__What is being asked__
In the entries that follow, the lines from the line containing "极简风格公寓7:难波紧凑型单间 & 24/7健身房" up to and including the line containing "近日,從安徽省市政工程協(x" must be copied exactly, with pictures omitted.

__The input__
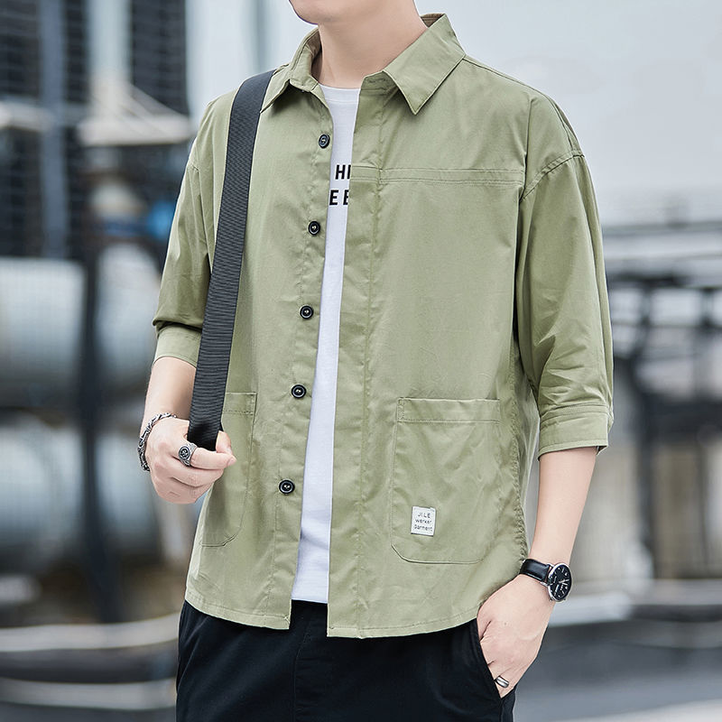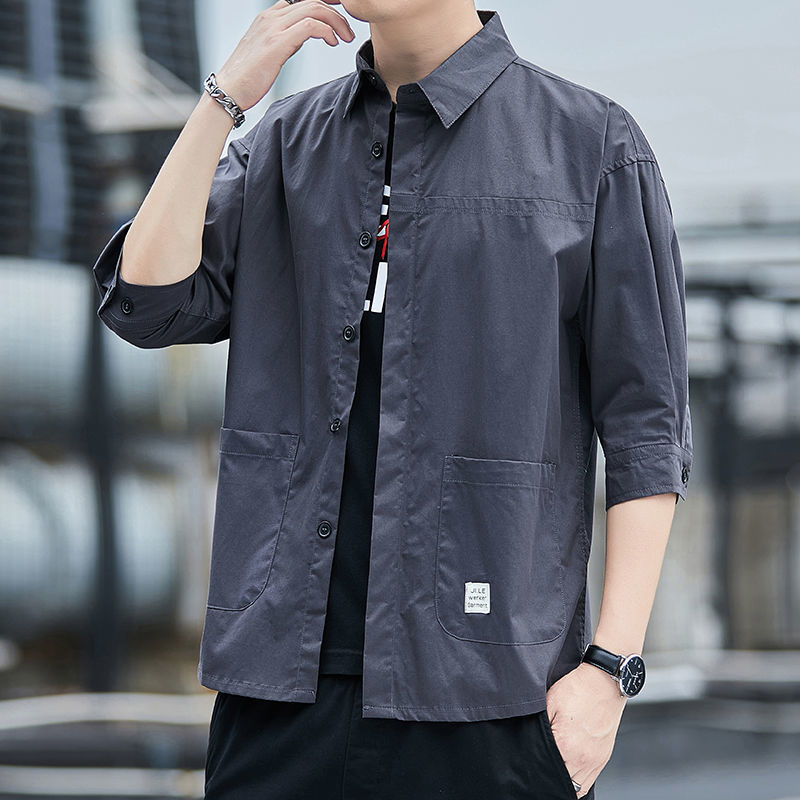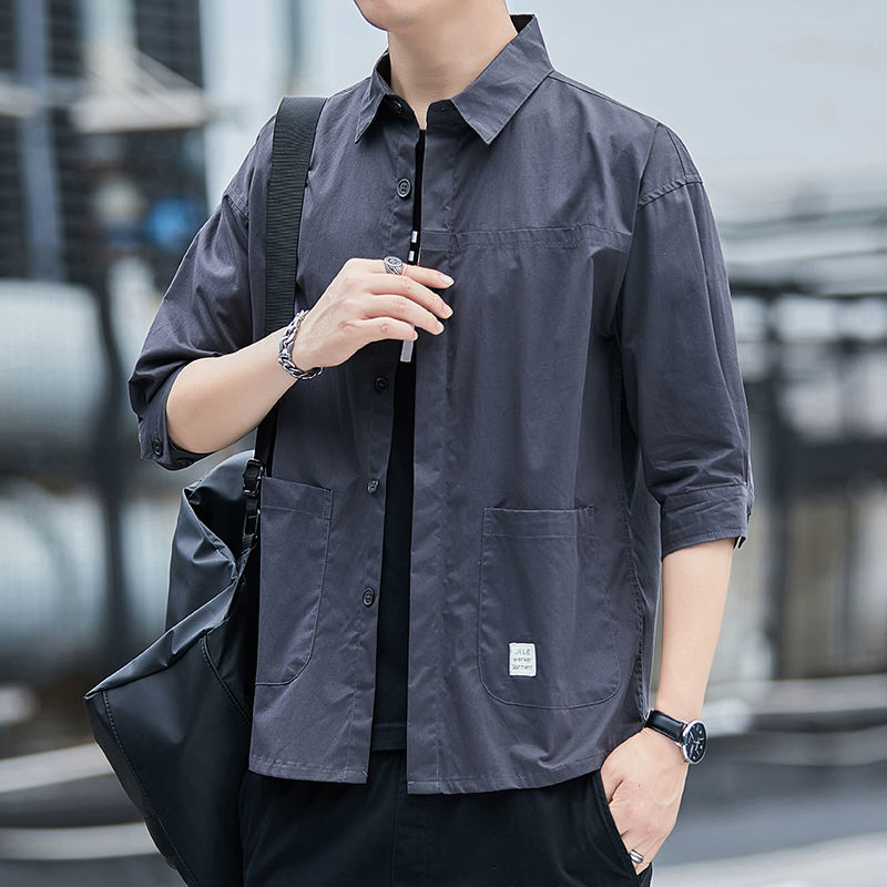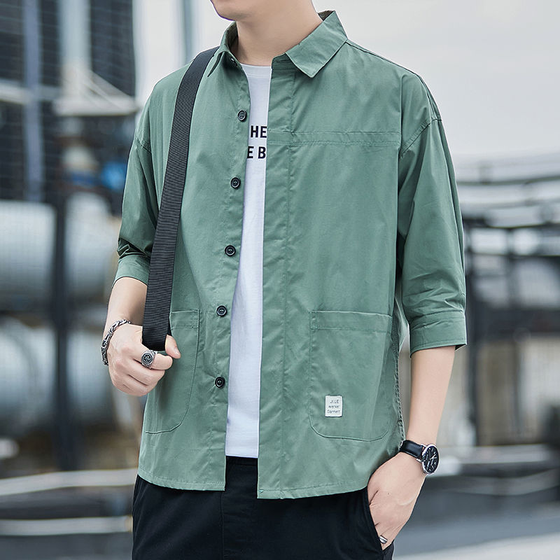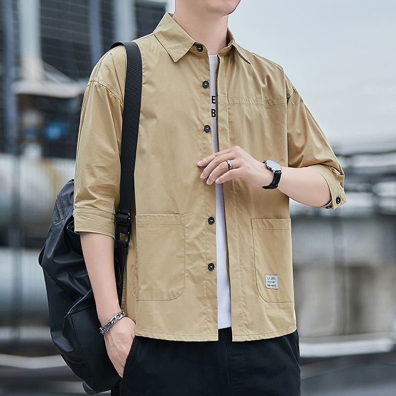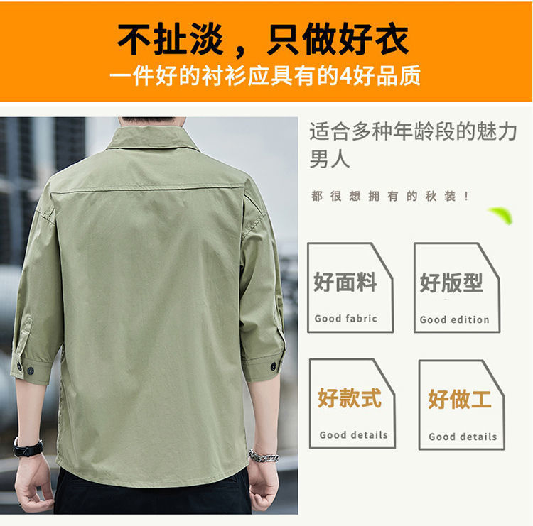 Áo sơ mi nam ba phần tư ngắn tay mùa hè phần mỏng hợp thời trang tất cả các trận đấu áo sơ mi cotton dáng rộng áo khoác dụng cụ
...
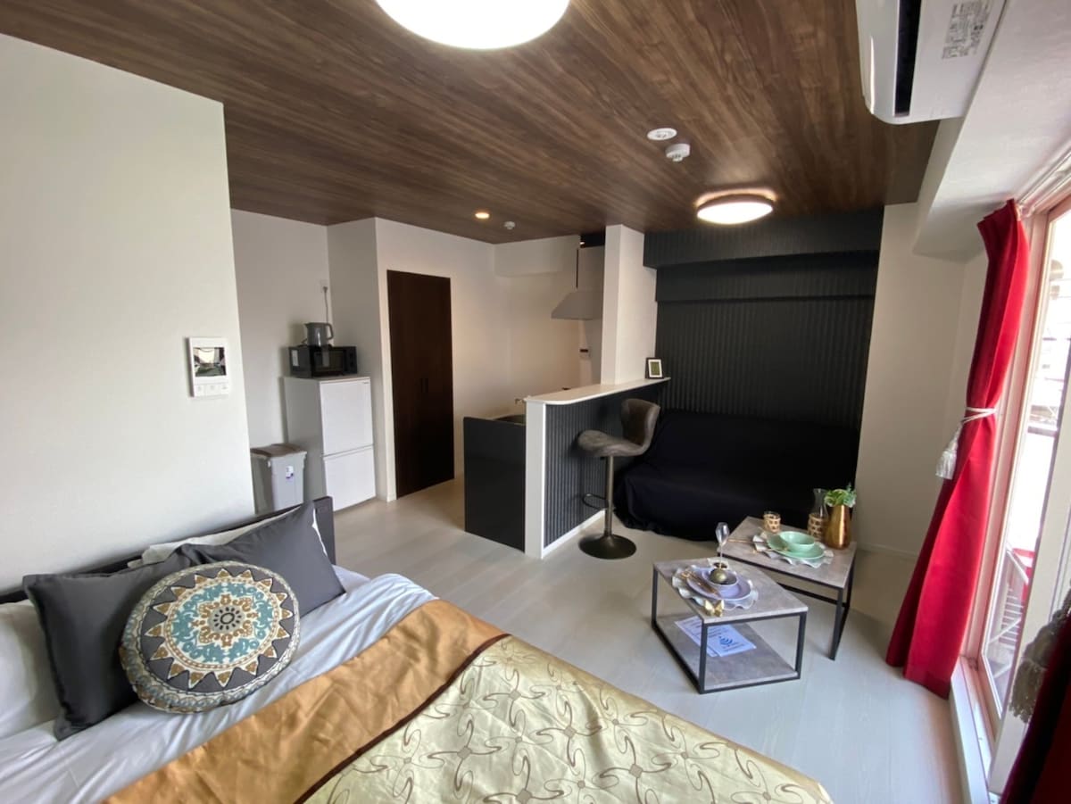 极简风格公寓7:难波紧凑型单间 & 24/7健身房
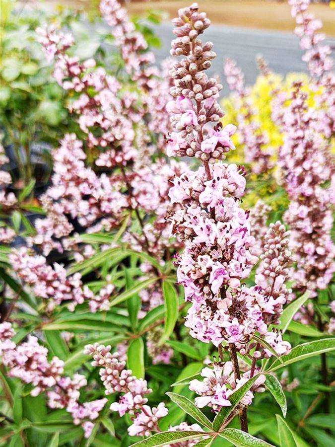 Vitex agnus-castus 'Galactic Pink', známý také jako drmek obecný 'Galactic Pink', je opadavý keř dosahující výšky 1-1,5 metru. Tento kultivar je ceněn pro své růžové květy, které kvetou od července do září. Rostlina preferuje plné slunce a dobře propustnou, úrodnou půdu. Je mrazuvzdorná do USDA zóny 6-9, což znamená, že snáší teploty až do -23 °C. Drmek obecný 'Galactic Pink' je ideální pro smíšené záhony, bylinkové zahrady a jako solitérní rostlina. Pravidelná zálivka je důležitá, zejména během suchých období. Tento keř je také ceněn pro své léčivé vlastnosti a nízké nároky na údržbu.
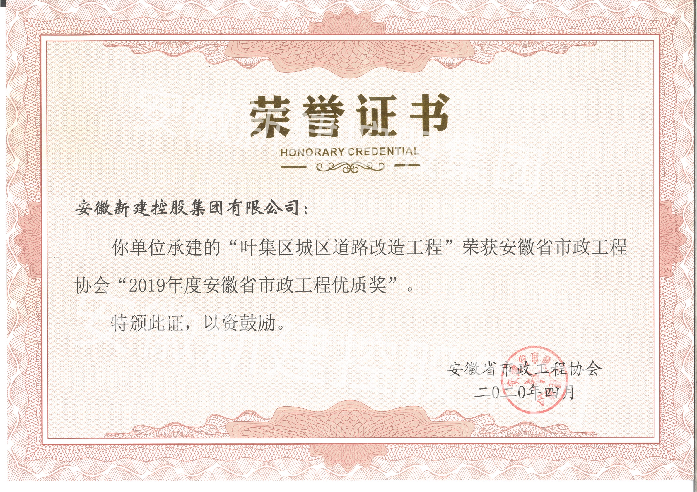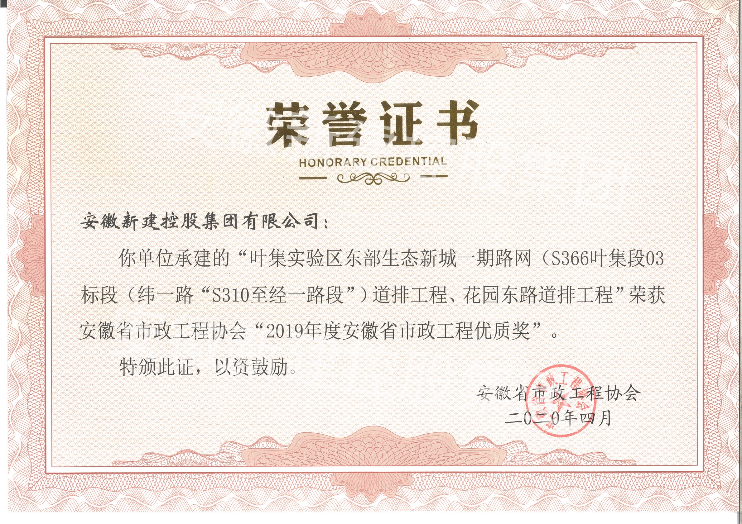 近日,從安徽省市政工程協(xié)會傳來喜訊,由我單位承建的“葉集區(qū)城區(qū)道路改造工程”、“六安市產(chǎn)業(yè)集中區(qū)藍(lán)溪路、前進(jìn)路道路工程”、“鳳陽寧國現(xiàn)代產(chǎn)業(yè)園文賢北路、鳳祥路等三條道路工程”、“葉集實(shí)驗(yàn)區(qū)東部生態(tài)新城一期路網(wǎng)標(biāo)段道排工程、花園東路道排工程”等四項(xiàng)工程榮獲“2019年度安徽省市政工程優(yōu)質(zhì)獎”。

__Exercise solution__
 极简风格公寓7:难波紧凑型单间 & 24/7健身房
 Vitex agnus-castus 'Galactic Pink', známý také jako drmek obecný 'Galactic Pink', je opadavý keř dosahující výšky 1-1,5 metru. Tento kultivar je ceněn pro své růžové květy, které kvetou od července do září. Rostlina preferuje plné slunce a dobře propustnou, úrodnou půdu. Je mrazuvzdorná do USDA zóny 6-9, což znamená, že snáší teploty až do -23 °C. Drmek obecný 'Galactic Pink' je ideální pro smíšené záhony, bylinkové zahrady a jako solitérní rostlina. Pravidelná zálivka je důležitá, zejména během suchých období. Tento keř je také ceněn pro své léčivé vlastnosti a nízké nároky na údržbu.
 近日,從安徽省市政工程協(xié)會傳來喜訊,由我單位承建的“葉集區(qū)城區(qū)道路改造工程”、“六安市產(chǎn)業(yè)集中區(qū)藍(lán)溪路、前進(jìn)路道路工程”、“鳳陽寧國現(xiàn)代產(chǎn)業(yè)園文賢北路、鳳祥路等三條道路工程”、“葉集實(shí)驗(yàn)區(qū)東部生態(tài)新城一期路網(wǎng)標(biāo)段道排工程、花園東路道排工程”等四項(xiàng)工程榮獲“2019年度安徽省市政工程優(yōu)質(zhì)獎”。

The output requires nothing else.